MULREADY.   CROSSING THE FORD.

The last of the group, William Powell Frith, was the most copious in giving posterity information about the manners and costumes of his contemporaries, and would be still more authentic if life had not seemed to him so genial and roseate. His pictures represent scenes of the nineteenth century, but they seem like events of the good old times. At that period people were undoubtedly good and innocent and happy. They had no income-tax and no vices and worries, and all went to heaven and felt in good spirits. And so they do in Frith’s pictures, only not so naturally as in Ostade and Beham. For example, he goes on the beach at a fashionable English watering-place during the season, in July or August. The geniality which predominates here is quite extraordinary.
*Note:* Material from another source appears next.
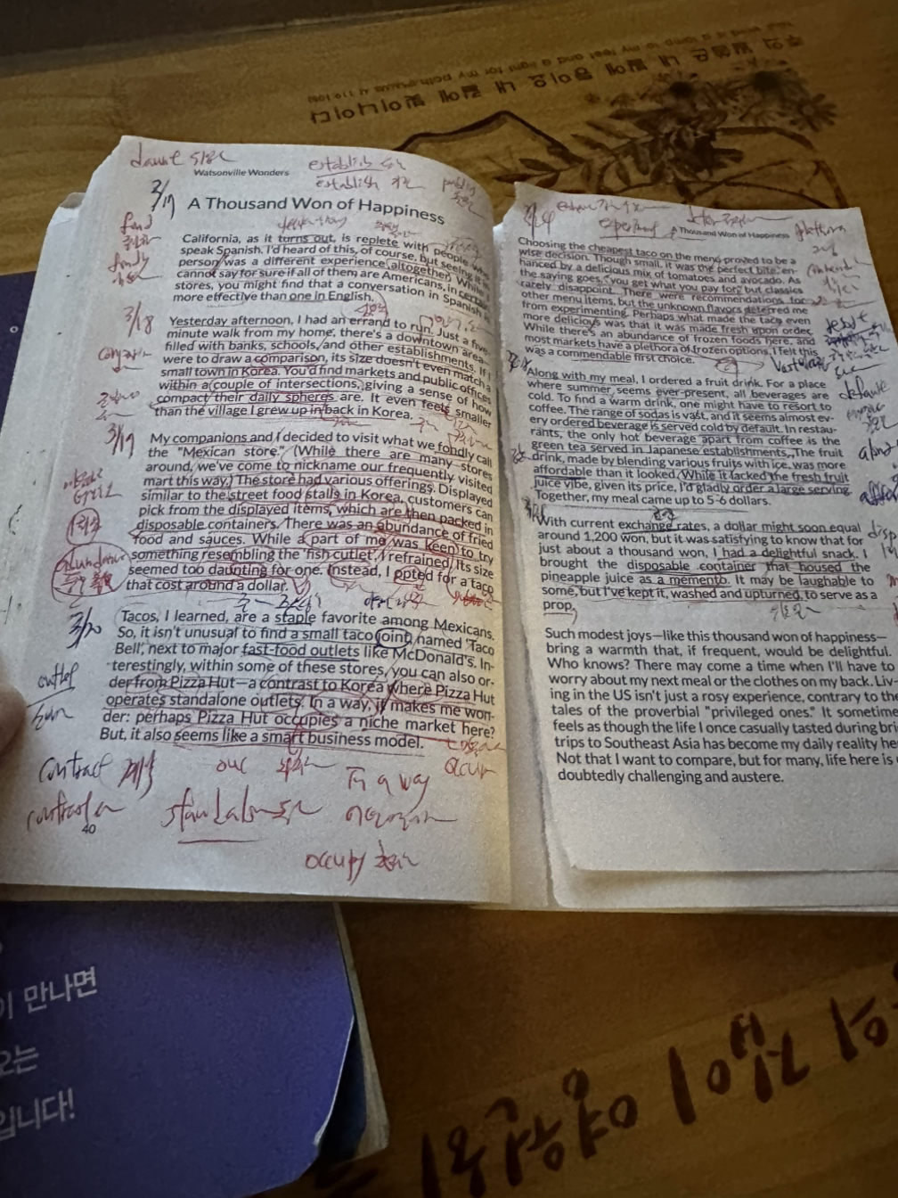 With current exchange rates, a dollar might soon equal around 1,200 won, but it was satisfying to know that for just about a thousand won, I had a delightful snack. I brought the disposable container that housed the pineapple juice as a memento. It may be laughable to some, but l've kept it, washed and upturned, to serve as a prop.

Children are splashing in the sea, young ladies flirting, niggers playing the barrel-organ and women singing ballads to its strains; every one is doing his utmost to look well, and the pair of beggars who are there for the sake of contrast have long become resigned to their fate. In his racecourse pictures everything is brought together which on such occasions is representative of London life: all types, from the baronet to the ragman; all beauties, from the lady to the street-walker. A rustic has to lose his money, or a famished acrobat to turn his pockets inside out to assure himself that there is really nothing in them. His picture of the gaming-table in Homburg is almost richer in such examples of dry observation and humorous and spirited episode.
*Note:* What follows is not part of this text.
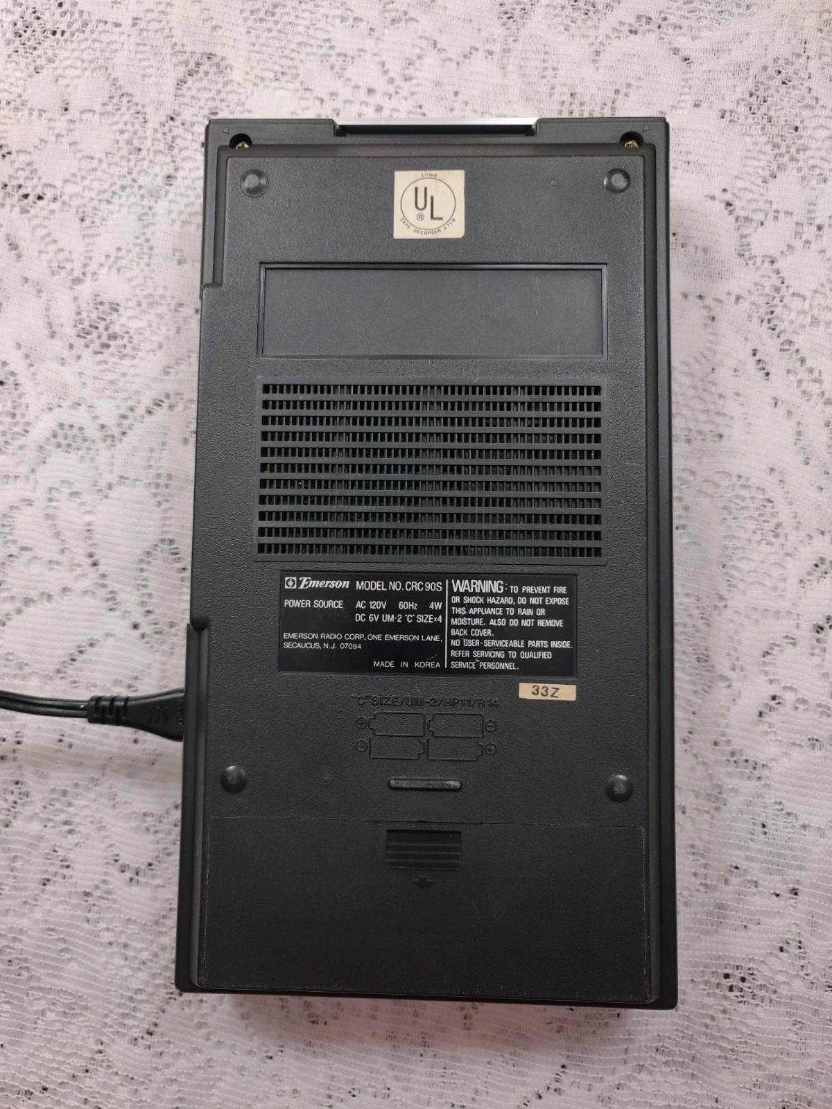 Vintage Emerson Cassette Recorder/Player - Model CRC90S FOR PARTS OR REPAIR

This may serve to exemplify the failures of these painters of genre. Not light and colour, but anecdote, comedy, and genial tale-telling are the basis of their labours. And yet, notwithstanding this attempt to express literary ideas through the mediums of a totally different art, their work is significant. While continental artists avoided nothing so much as that which might seem to approach nature, the English, revolting from the thraldom of theory, gathered subjects for their pictures from actual life. These men, indeed, pointed out the way to painters from every country; and they, once on the right road, were bound ultimately to arrive at the point from which they no longer looked on life through the glasses of the anecdotist, but saw it with the eye of the true artist.

CHAPTER XVIII

THE MILITARY PICTURE

While English painting from the days of Hogarth and Wilkie embraced rustic and middle-class life, the victory of modernity on the Continent could only be accomplished slowly and by degrees. The question of costume played an important part in it. “Artists love antiquated costume because, as they say, it gives them greater sweep and freedom. But I should like to suggest that in historical representations of their own age an eye should be kept on propriety of delineation rather than on freedom and sweep. Otherwise one might just as well allow an historian to talk to us about phalanxes, battlements, triarii, and argyraspids in place of battalions, squadrons, grenadiers, and cuirassiers. The painters of the great events of the day ought, especially, to be more true to fact. In battle-pieces, for example, they ought not to have cavalry shooting and sabreing about them in leather collars, in round and plumed hats, and the vast jack-boots which exist no longer. The old masters drew, engraved, and painted in this way because people really dressed in such a manner at the time. It is said that our costume is not picturesque, and therefore why should we choose it? But posterity will be curious to know how we clothed ourselves, and will wish to have no gap from the eighteenth century to its own time.”